*Task data*:
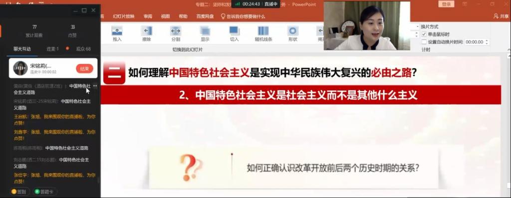 9月13日,省教育厅专家田培玉教授深入金年会线上课堂听课,随机抽查课表,进入马克思主义学院张旭老师的《习近平新时代中国特色社会主义思想概论》钉钉直播课堂,教务处于雪梅副处长、聂明远副处长参加了全程听课活动。
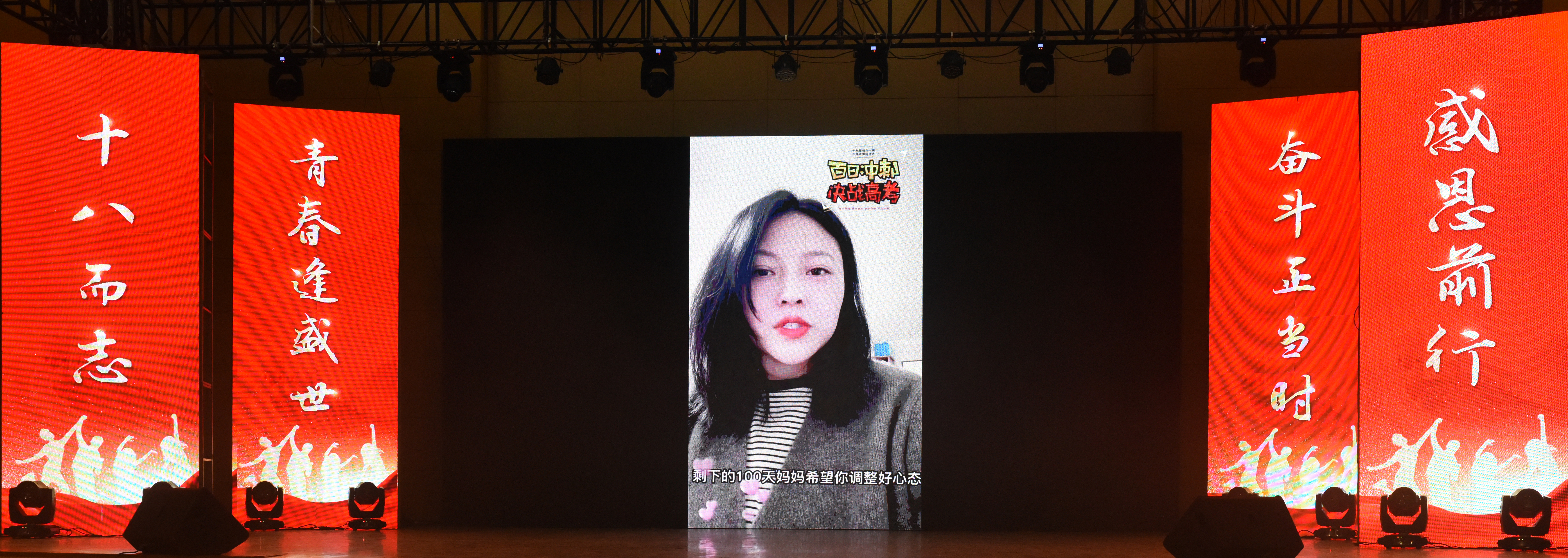 接着,学生代表高三1班李倩同学代表所有高三学生发表成人感言。在发言中,她感谢了一路陪伴的父母、互帮互助的同学、诲人不倦的老师,并且在距离高考恰好百日的特殊日子,与同学们激情约定:书海的沉浮已不再让我们动容,风雨的磨砺只会让我们愈挫愈勇,我们的目光从来没有这么坚定,相信播下的种子、洒下的汗水,在六月一定能收获丰硕的成果!
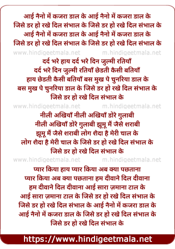 Lyrics of Aayi Naino Me Kajra Daal Ke - आई नैनो में कजरा डाल के
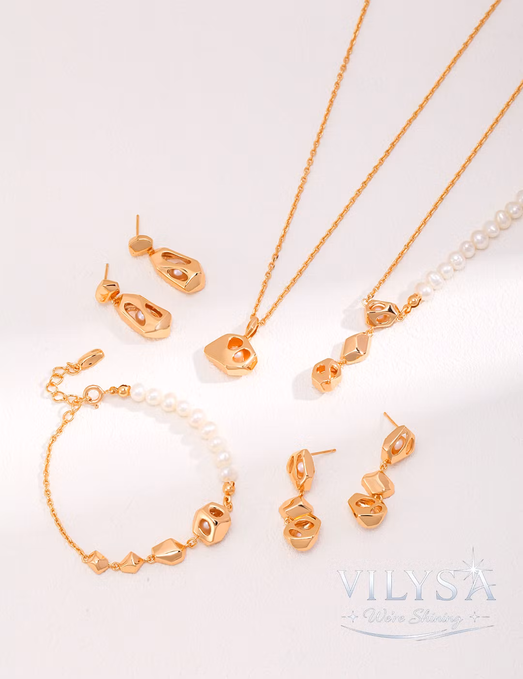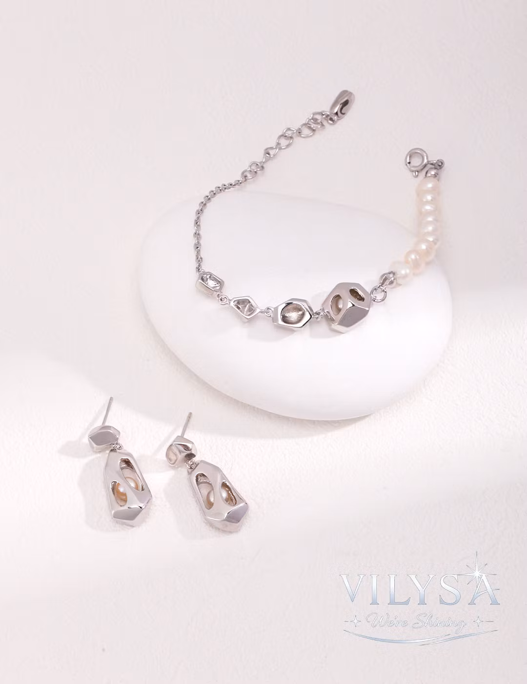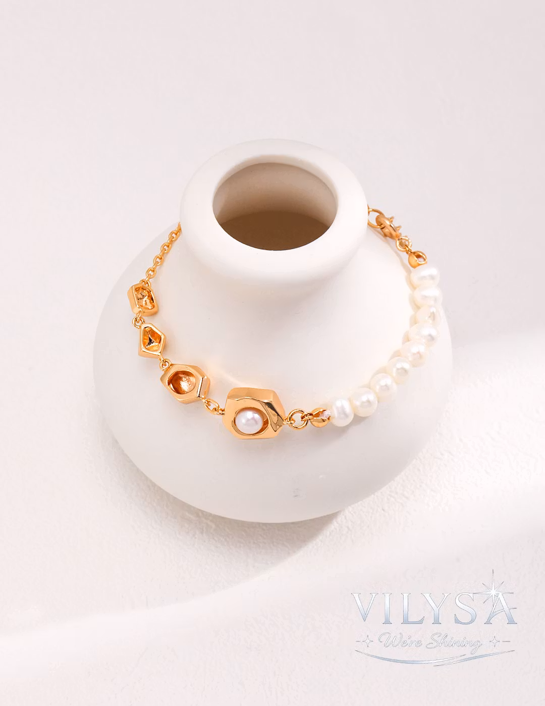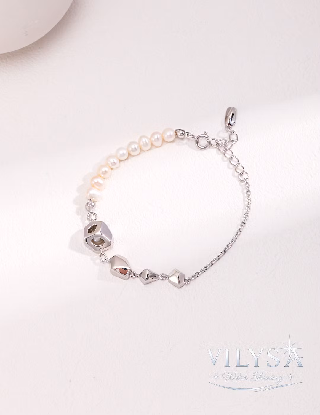 This modern bracelet artfully blends a strand of natural pearls with geometric, faceted sterling silver beads. The design plays with a compelling contrast: the soft, organic luster of the pearls meets the sharp, polished angles of the metal, resulting in a dynamic and distinctly contemporary aesthetic.
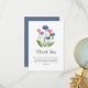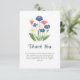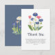 Show your appreciation with this charming Baby in Bloom thank you card! The front blooms with a delicate watercolor wildflower bouquet — dusty blue cornflowers, white daisies, pink accents, and fresh greenery — paired with elegant navy "Thank You." Inside: "For showing us with love and sharing in the celebration of our little bundle of joy! We are grateful for all of the gifts, wishes, kind words, love, and support! With love." Includes matching dusty blue envelope. Ideal for boho meadow, gender-neutral, spring garden, or dusty blue showers. Coordinates with invitations, signs, guest book, napkins, plates. Premium fold-over cardstock, fully customizable!
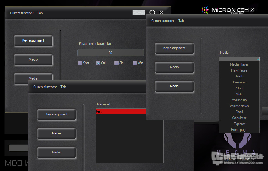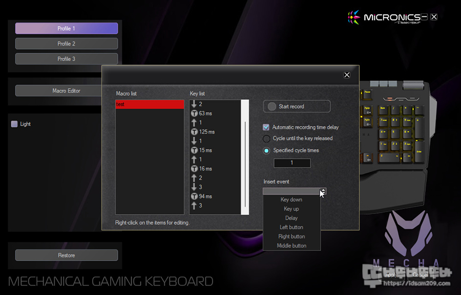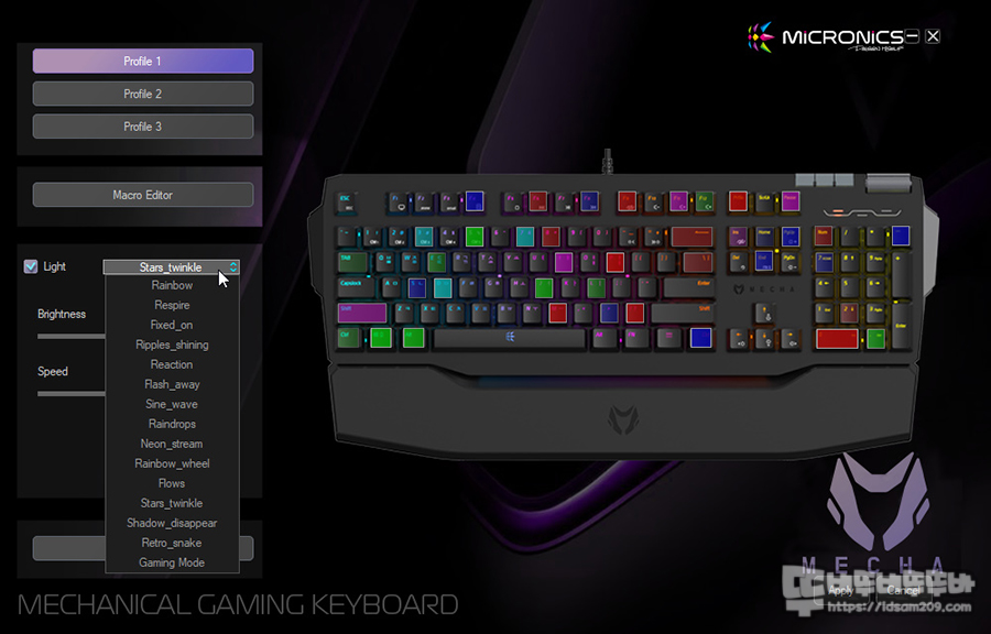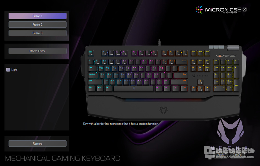 마이크로닉스 MECHA ZK-1 소프트웨어는 왼쪽에 메뉴에 프로파일 선택화 매크로 에디터, Light 설정하는 기본 메뉴 그리고 오른쪽에 키보드 키를 눌러서 키에 기능을 부여하는 메뉴 구성으로 심플하면서 직관적인 구성으로 되어있는데요.
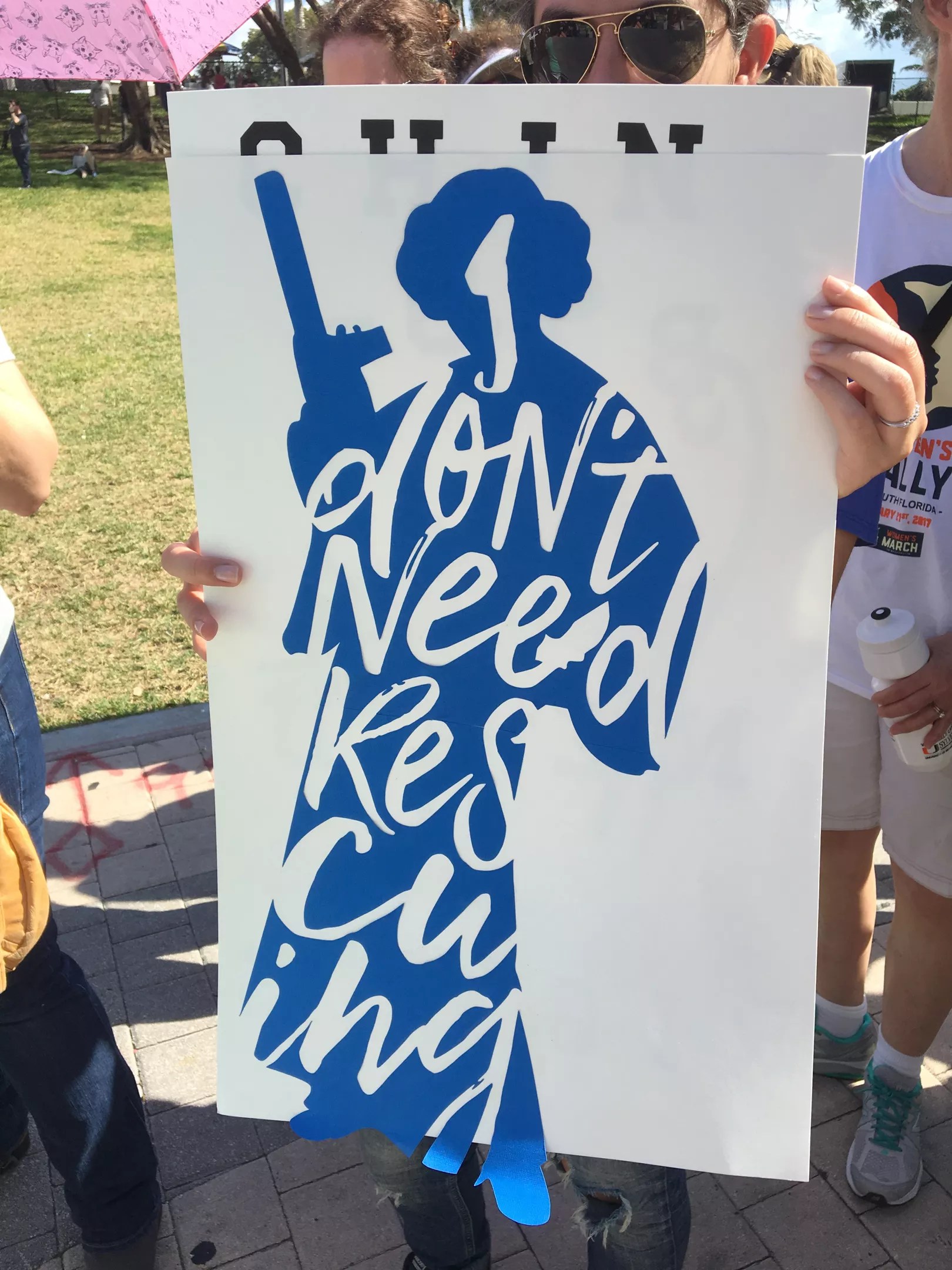 “I searched for the tiniest ones I could find,” the demonstrator said of the hands on the sign.
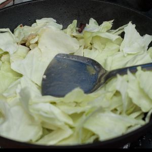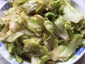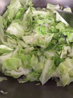 倒入包菜翻炒 加入盐炒至菜叶变软加入生抽

*Task requirements*:
Once the line containing "Show your appreciation" has been located, transcribe exactly and only every line from the first line of the entries through it, excluding pictures.

*Answer to this exercise*:
 9月13日,省教育厅专家田培玉教授深入金年会线上课堂听课,随机抽查课表,进入马克思主义学院张旭老师的《习近平新时代中国特色社会主义思想概论》钉钉直播课堂,教务处于雪梅副处长、聂明远副处长参加了全程听课活动。
 接着,学生代表高三1班李倩同学代表所有高三学生发表成人感言。在发言中,她感谢了一路陪伴的父母、互帮互助的同学、诲人不倦的老师,并且在距离高考恰好百日的特殊日子,与同学们激情约定:书海的沉浮已不再让我们动容,风雨的磨砺只会让我们愈挫愈勇,我们的目光从来没有这么坚定,相信播下的种子、洒下的汗水,在六月一定能收获丰硕的成果!
 Lyrics of Aayi Naino Me Kajra Daal Ke - आई नैनो में कजरा डाल के
 This modern bracelet artfully blends a strand of natural pearls with geometric, faceted sterling silver beads. The design plays with a compelling contrast: the soft, organic luster of the pearls meets the sharp, polished angles of the metal, resulting in a dynamic and distinctly contemporary aesthetic.
 Show your appreciation with this charming Baby in Bloom thank you card! The front blooms with a delicate watercolor wildflower bouquet — dusty blue cornflowers, white daisies, pink accents, and fresh greenery — paired with elegant navy "Thank You." Inside: "For showing us with love and sharing in the celebration of our little bundle of joy! We are grateful for all of the gifts, wishes, kind words, love, and support! With love." Includes matching dusty blue envelope. Ideal for boho meadow, gender-neutral, spring garden, or dusty blue showers. Coordinates with invitations, signs, guest book, napkins, plates. Premium fold-over cardstock, fully customizable!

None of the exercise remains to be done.